Cooder enjoyed the day. She likes to have some physical contact with me, even if it is hot.

I saw an article in some publication yesterday that some unpublished Katherine Mansfield stories had been located. I think I read a nice old British Penguin edition of In A German Pension and was suitably impressed by the writing. Having forwarded this news tidbit to M, I received last eve, The Short Stories of Katherine Mansfield, in order that I might further whet and satisfy my curiosity.

In between our lazy banter and the musing guitar strummings of J as we companionably sat through the storm, (happily, we still had electricity),  I read the first story in the collection, The Tiredness of Rosabel. For nineteen, KM was blazing. Here is the concluding paragraph:

"And the night passed. Presently the cold fingers of dawn closed over her uncovered hand; grey light flooded the dull room. Rosabel shivered, drew a little gasping breath, sat up. And because her heritage was that tragic optimism, which is all too often the only inheritance of youth, still half asleep, she smiled, with a little nervous tremor round her mouth."
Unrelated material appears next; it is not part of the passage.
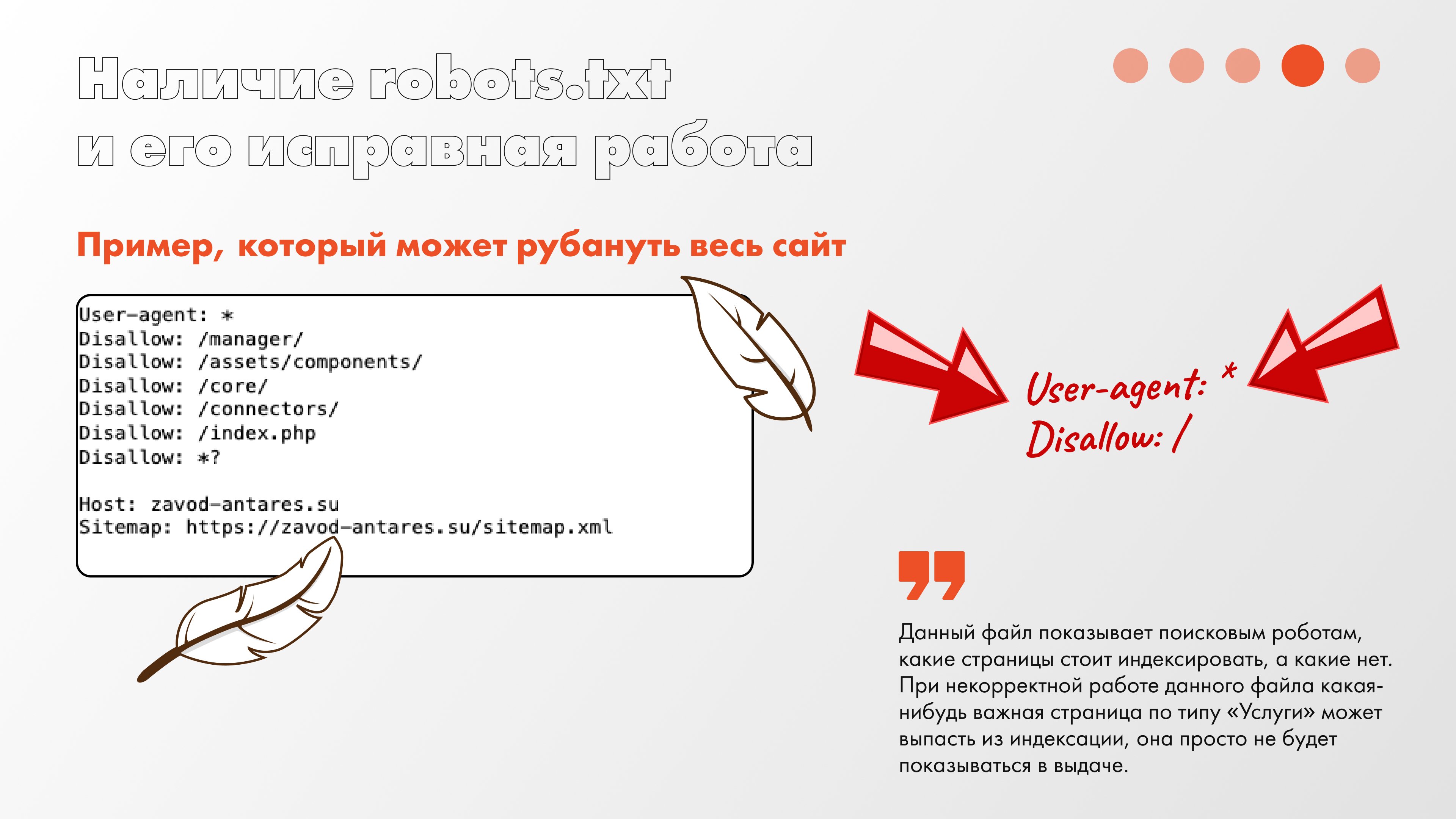 Наличие robots.txt и его исправная работа. Данный файл показывает поисковым роботам, какие страницы стоит индексировать, а какие нет. При некорректной работе данного файла вам просто могут обрубить концы, и какая-нибудь важная страница по типу «Услуги» просто может выпасть из индексации, она просто не будет показываться в выдаче. Но помните, что можно блокнуть и весь сайт.

How much do you love that phrase "tragic optimism, ... the only inheritance of youth"? That struck a chord as I am so recently reviewing my life's path that led me to my current circumtances. Tragic optimism sounds about right.


I have often confused Katherine Mansfield and Katherine Anne Porter (I mean, haven't you?). Perhaps wading and wafting through these stories will change that for good. Meanwhile, I need to get back to Proust for next week's book group.

And off to see Emmylou.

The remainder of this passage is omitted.